§ **EXERCISE PROMPT**
From the first line to the last, output the records exactly and drop any images.

[Data excerpts]
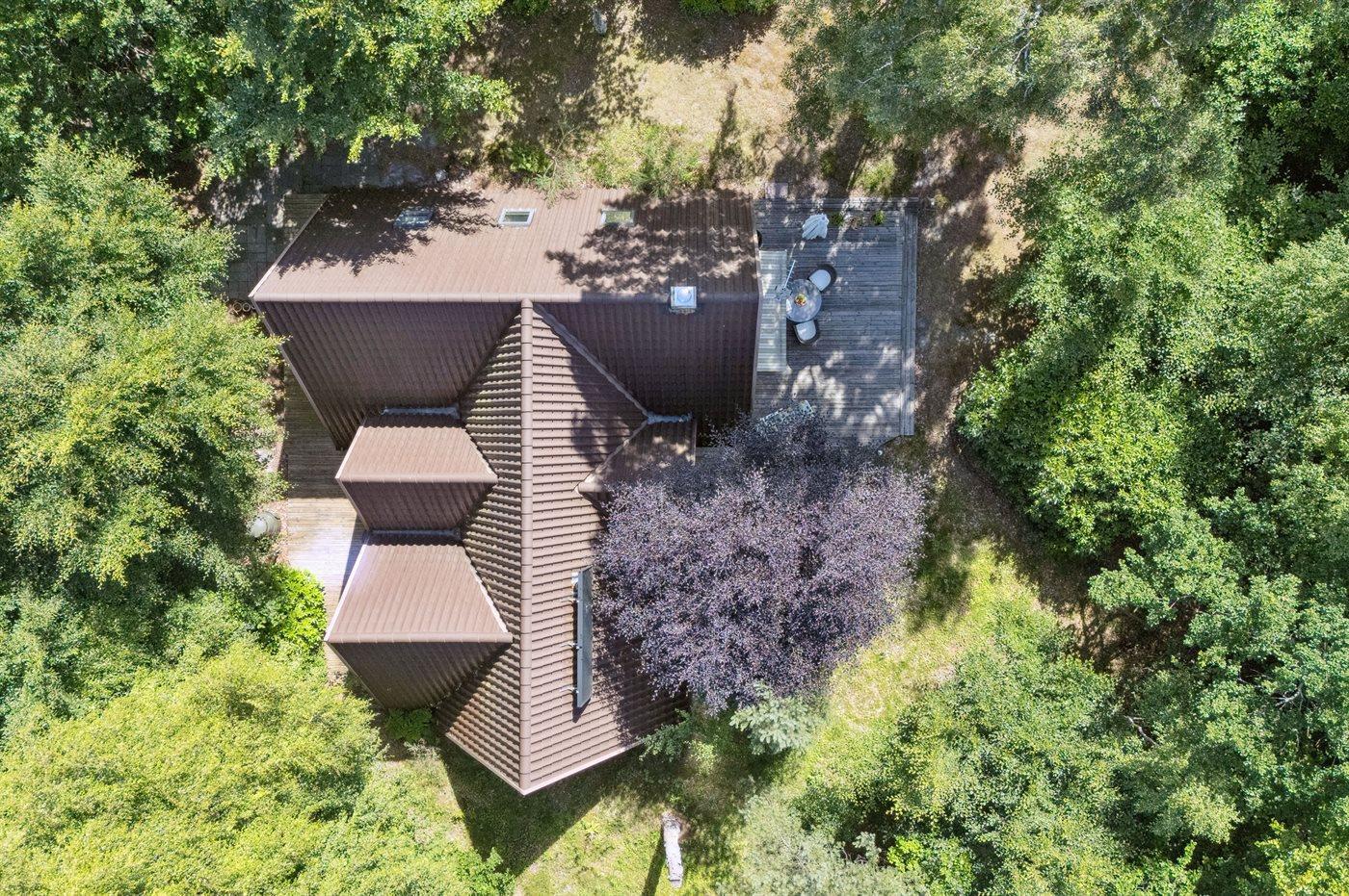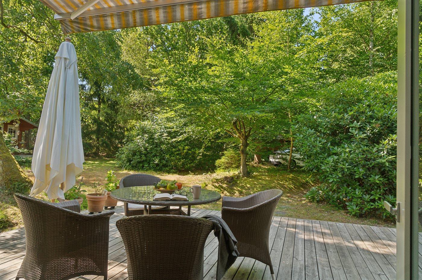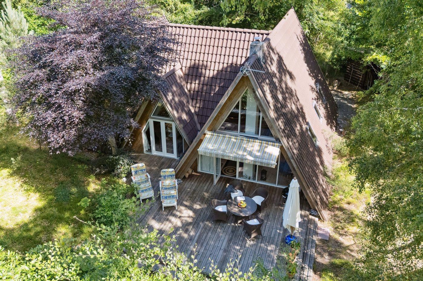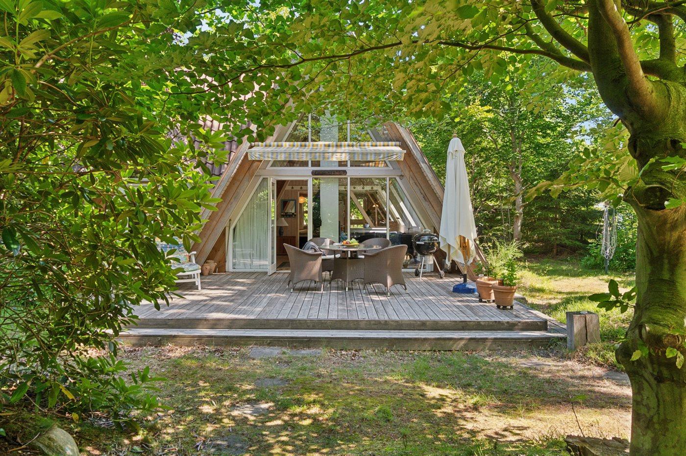 Huset er beliggende i et roligt sommerhusområde og ligger ugenert omgivet af beplantning og høje træer.
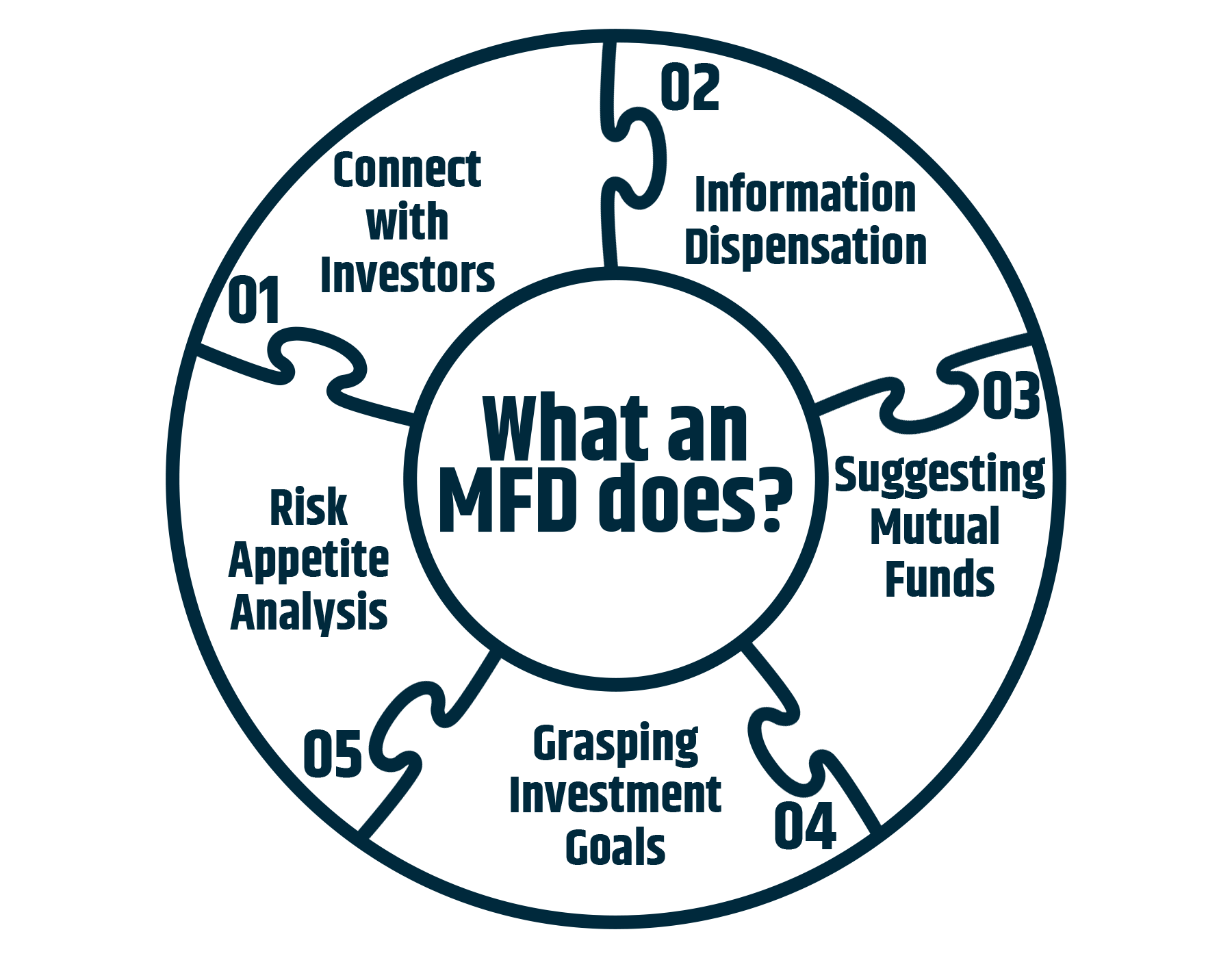 A Mutual Funds Distributor can be thought of as a Person or a Company involved in the sales and distribution of Mutual Funds to prospective investors. These MFDs work on behalf of major Mutual Funds Houses or Dispensers. An MFD is basically an Investment Intermediary. They play a vital role in the financial world by arranging a connection between the Investors and Mutual Funds Investors for services like the stock market or mutual funds.
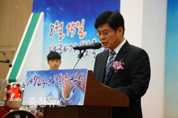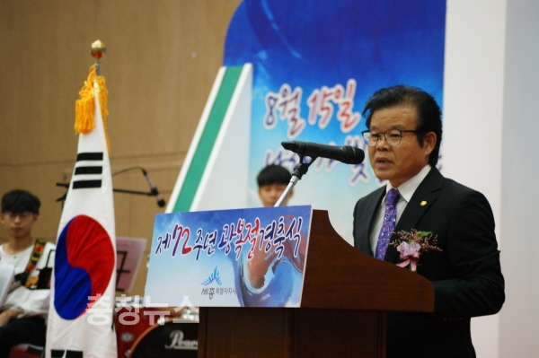 이춘희 세종시장은 15일 경축사를 통해 "외세에 의해 국운이 좌우되었던 의존적 역사를 청산하고 우리의 힘으로 한반도 평화를 정착시켜야 한다"고 밝혔다.
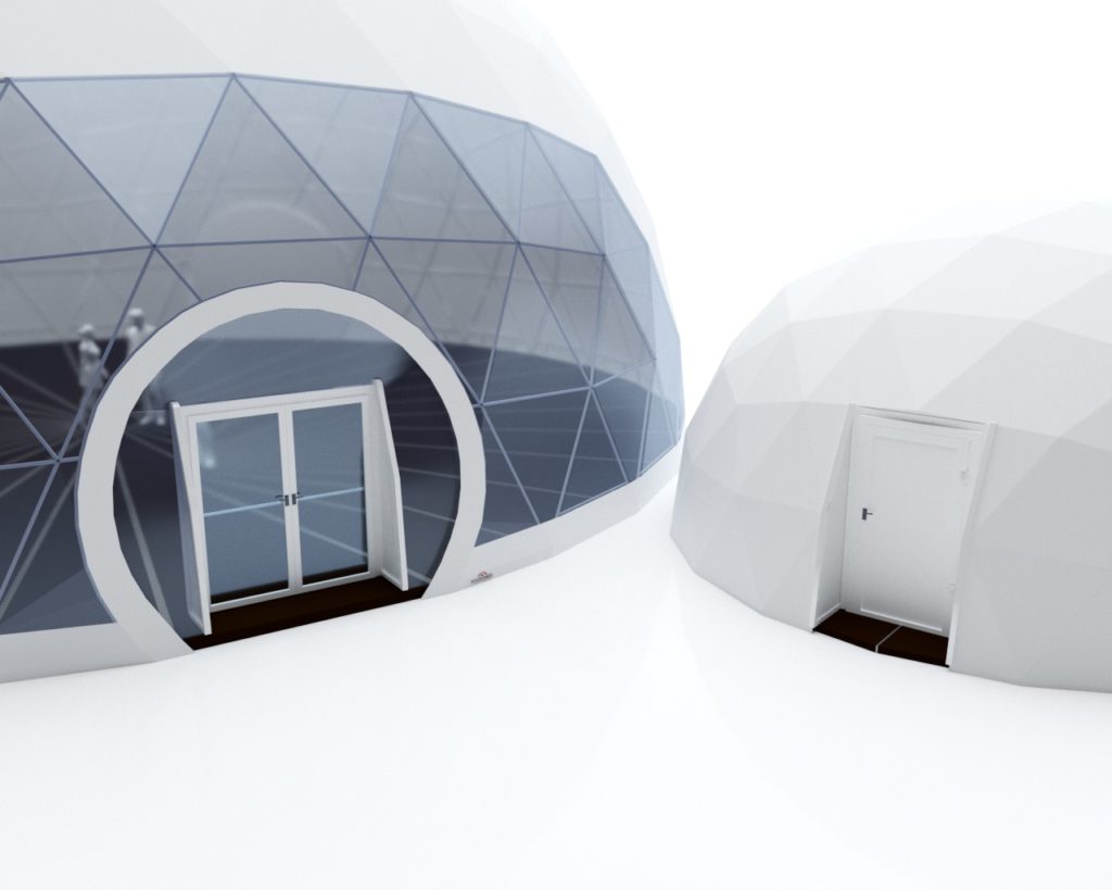 Sapoworld, qızdırılan və ya kondisionerli günbəzlər üçün tək və ya ikiqat alüminium şüşəli qapıların quraşdırılmasını tövsiyə edir.
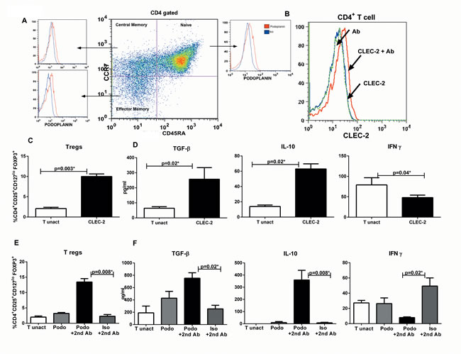 Figure 6: Addition of CLEC-2 protein/podoplanin antibody to T cells induces T regulatory cells. A. Histograms depict the expression of Podoplanin of on naïve, central memory and effector memory CD4 T cells. Figure is representative of 3 such experiments. B. Histogram depicts the binding of CLEC-2 protein on freshly isolated CD4 T cells. Figure is representative of 3 such experiments. Purified T cells were cultured with CLEC-2 protein for 96h. C. Bar graph depicts the percentage of FoxP3+ cells in gated CD4+CD25+CD127loFoxP3+ cells in CD4+T cells cultured with CLEC-2. D. Bar graphs depict the production of TGF-β, IL-10 and IFN-γ by T cells cultured in the presence of CLEC-2 protein. Data is mean +/- S.E. of 4 different subjects. Purified T cells were cultured with either podoplanin antibod (podo) or podo+2nd antibody or isotype antibody (iso) + 2nd antibody for 96h. C. Bar graph depicts the percentage of FoxP3+ cells in gated CD4+CD25+CD127loFoxP3+ cells. D. Bar graphs depict the production of TGF-β, IL-10 and IFN-γ by T cells. Data is mean +/- S.E. of 4 different subjects.
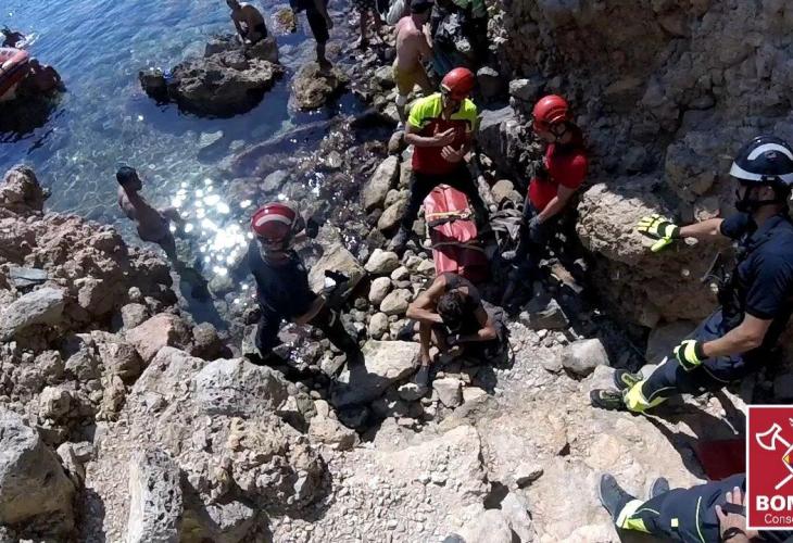 Aus der kleinen Bucht in Eivissa konnte der verletzte Mann nur im Schlauchboot gebracht werden. Foto: Bomberos de Ibiza
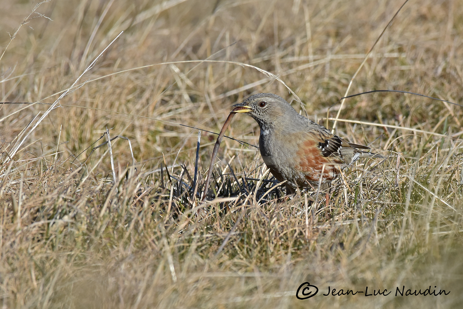 Un accenteur vient capturer un lombric, première fois que j’observe cette scène.
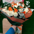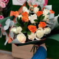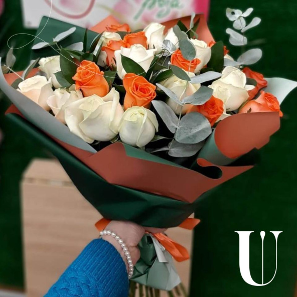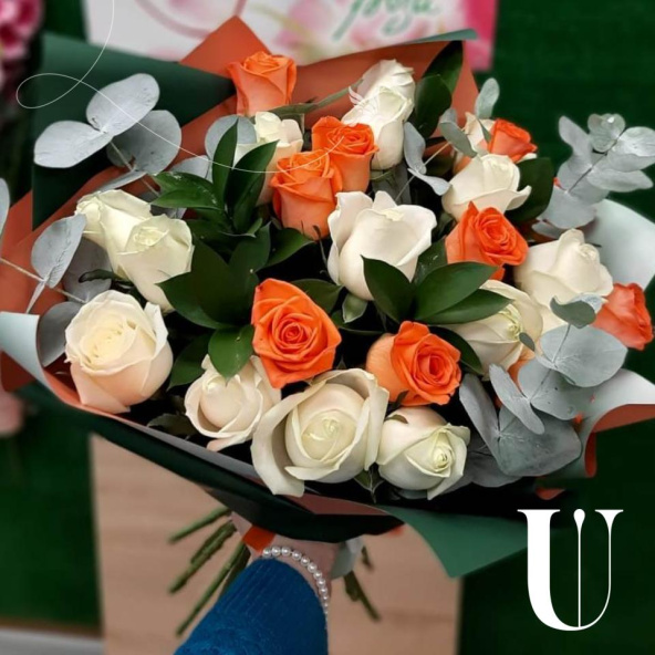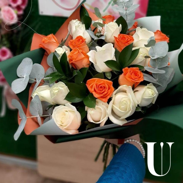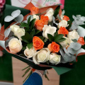 Моно букет из белых и коралловых роз с ароматным эвкалиптом - модная тенденция этого года. Это достаточно пышный букет, который вполне самодостаточен тем более дополненный рускусом
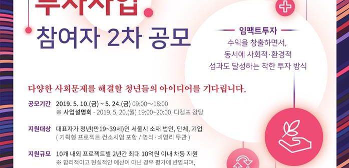 서울시가 2019 청년프로젝트 투자사업 2차 참여자를 모집한다고 14일 밝혔다. 2019 청년프로젝트 투자사업은 청년의 사회혁신 프로젝트를 발굴·투자해 사회문제를 해결하고 좋은 일자리를 창출하기 위해 마련된 사회문제 해결형 임팩트 투자 사업이다. 주관기관으로는 임팩트 투자 전문기업 크레비스파트너스가 참여한다. 해당 사업은 사업 취지에 적합한 프로젝트 선발을 위해 총 두 차례에 걸쳐 모집을 진행했다. 지난 3월 1차 모집에 이어 이번이 2차 모집이다. 선발기업은 사업비 지원과 더불어 프로젝트 기획, 경영 컨설팅, 홍보 마케팅, 실무자 교육 등 다양한 혜택을 제공받게 된다. 대표자가 청년(만19세~39세)인 서울시 소재 법인, 단체, 기업이면 영리·비영리 상관없이 누구나 참여가 가능하다. 접수기간은 5월 10일부터 24일까지다. 5월 20일에는 역삼동 디캠프에서 사업 설명회가 진행될 예정이다. 주관기관인 크레비스파트너스 측은 프로젝트 별 2년간 최대 10억 원까지 보조금이 지급되는 점을 본 사업의 특징으로 꼽았다. 김원영 크레비스파트너스의 총괄이사는 “해당 사업은 투자 금액의 규모가 크고 장기적인 지원이 가능하다”며 “때문에 공공문제 해결 등 쉽게 도전하기 힘든 프로젝트를 시도해 볼 수 있을 뿐만 아니라 장기적인 성과 창출에 집중할 수 있다는 장점”이라고 밝혔다. 김영경 서울시 청년청장은 “본 사업은 청년에 의한 청년을 위한 사업”이라며 “사회의 수혜자가 아닌 적극적인 해결자로서 혁신적인 사업모델에 도전하고자 하는 많은 청년들의 지원을 기다린다”라고 말했다. 모집에 대한 자세한 내용은 서울청년포털에서 확인할 수 있으며 사업설명회 신청은 온오프믹스에서 가능하다.
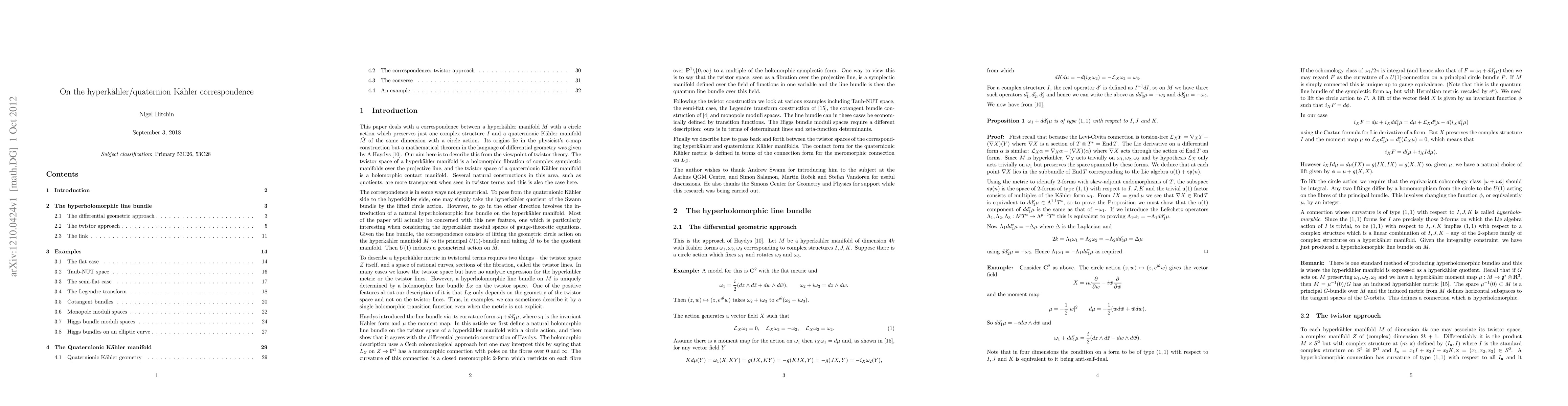 This paper constructs a holomorphic line bundle on twistor space corresponding to a hyperkaehler manifold with a circle action. It demonstrates the bundle’s meromorphic connection and presents examples like monopole and Higgs bundle moduli spaces, ultimately establishing a twistor version of the hyperkaehler/quaternionic Kaehler correspondence.

§ **TASK RESULT**
 Huset er beliggende i et roligt sommerhusområde og ligger ugenert omgivet af beplantning og høje træer.
 A Mutual Funds Distributor can be thought of as a Person or a Company involved in the sales and distribution of Mutual Funds to prospective investors. These MFDs work on behalf of major Mutual Funds Houses or Dispensers. An MFD is basically an Investment Intermediary. They play a vital role in the financial world by arranging a connection between the Investors and Mutual Funds Investors for services like the stock market or mutual funds.
 이춘희 세종시장은 15일 경축사를 통해 "외세에 의해 국운이 좌우되었던 의존적 역사를 청산하고 우리의 힘으로 한반도 평화를 정착시켜야 한다"고 밝혔다.
 Sapoworld, qızdırılan və ya kondisionerli günbəzlər üçün tək və ya ikiqat alüminium şüşəli qapıların quraşdırılmasını tövsiyə edir.
 Figure 6: Addition of CLEC-2 protein/podoplanin antibody to T cells induces T regulatory cells. A. Histograms depict the expression of Podoplanin of on naïve, central memory and effector memory CD4 T cells. Figure is representative of 3 such experiments. B. Histogram depicts the binding of CLEC-2 protein on freshly isolated CD4 T cells. Figure is representative of 3 such experiments. Purified T cells were cultured with CLEC-2 protein for 96h. C. Bar graph depicts the percentage of FoxP3+ cells in gated CD4+CD25+CD127loFoxP3+ cells in CD4+T cells cultured with CLEC-2. D. Bar graphs depict the production of TGF-β, IL-10 and IFN-γ by T cells cultured in the presence of CLEC-2 protein. Data is mean +/- S.E. of 4 different subjects. Purified T cells were cultured with either podoplanin antibod (podo) or podo+2nd antibody or isotype antibody (iso) + 2nd antibody for 96h. C. Bar graph depicts the percentage of FoxP3+ cells in gated CD4+CD25+CD127loFoxP3+ cells. D. Bar graphs depict the production of TGF-β, IL-10 and IFN-γ by T cells. Data is mean +/- S.E. of 4 different subjects.
 Aus der kleinen Bucht in Eivissa konnte der verletzte Mann nur im Schlauchboot gebracht werden. Foto: Bomberos de Ibiza
 Un accenteur vient capturer un lombric, première fois que j’observe cette scène.
 Моно букет из белых и коралловых роз с ароматным эвкалиптом - модная тенденция этого года. Это достаточно пышный букет, который вполне самодостаточен тем более дополненный рускусом
 서울시가 2019 청년프로젝트 투자사업 2차 참여자를 모집한다고 14일 밝혔다. 2019 청년프로젝트 투자사업은 청년의 사회혁신 프로젝트를 발굴·투자해 사회문제를 해결하고 좋은 일자리를 창출하기 위해 마련된 사회문제 해결형 임팩트 투자 사업이다. 주관기관으로는 임팩트 투자 전문기업 크레비스파트너스가 참여한다. 해당 사업은 사업 취지에 적합한 프로젝트 선발을 위해 총 두 차례에 걸쳐 모집을 진행했다. 지난 3월 1차 모집에 이어 이번이 2차 모집이다. 선발기업은 사업비 지원과 더불어 프로젝트 기획, 경영 컨설팅, 홍보 마케팅, 실무자 교육 등 다양한 혜택을 제공받게 된다. 대표자가 청년(만19세~39세)인 서울시 소재 법인, 단체, 기업이면 영리·비영리 상관없이 누구나 참여가 가능하다. 접수기간은 5월 10일부터 24일까지다. 5월 20일에는 역삼동 디캠프에서 사업 설명회가 진행될 예정이다. 주관기관인 크레비스파트너스 측은 프로젝트 별 2년간 최대 10억 원까지 보조금이 지급되는 점을 본 사업의 특징으로 꼽았다. 김원영 크레비스파트너스의 총괄이사는 “해당 사업은 투자 금액의 규모가 크고 장기적인 지원이 가능하다”며 “때문에 공공문제 해결 등 쉽게 도전하기 힘든 프로젝트를 시도해 볼 수 있을 뿐만 아니라 장기적인 성과 창출에 집중할 수 있다는 장점”이라고 밝혔다. 김영경 서울시 청년청장은 “본 사업은 청년에 의한 청년을 위한 사업”이라며 “사회의 수혜자가 아닌 적극적인 해결자로서 혁신적인 사업모델에 도전하고자 하는 많은 청년들의 지원을 기다린다”라고 말했다. 모집에 대한 자세한 내용은 서울청년포털에서 확인할 수 있으며 사업설명회 신청은 온오프믹스에서 가능하다.
 This paper constructs a holomorphic line bundle on twistor space corresponding to a hyperkaehler manifold with a circle action. It demonstrates the bundle’s meromorphic connection and presents examples like monopole and Higgs bundle moduli spaces, ultimately establishing a twistor version of the hyperkaehler/quaternionic Kaehler correspondence.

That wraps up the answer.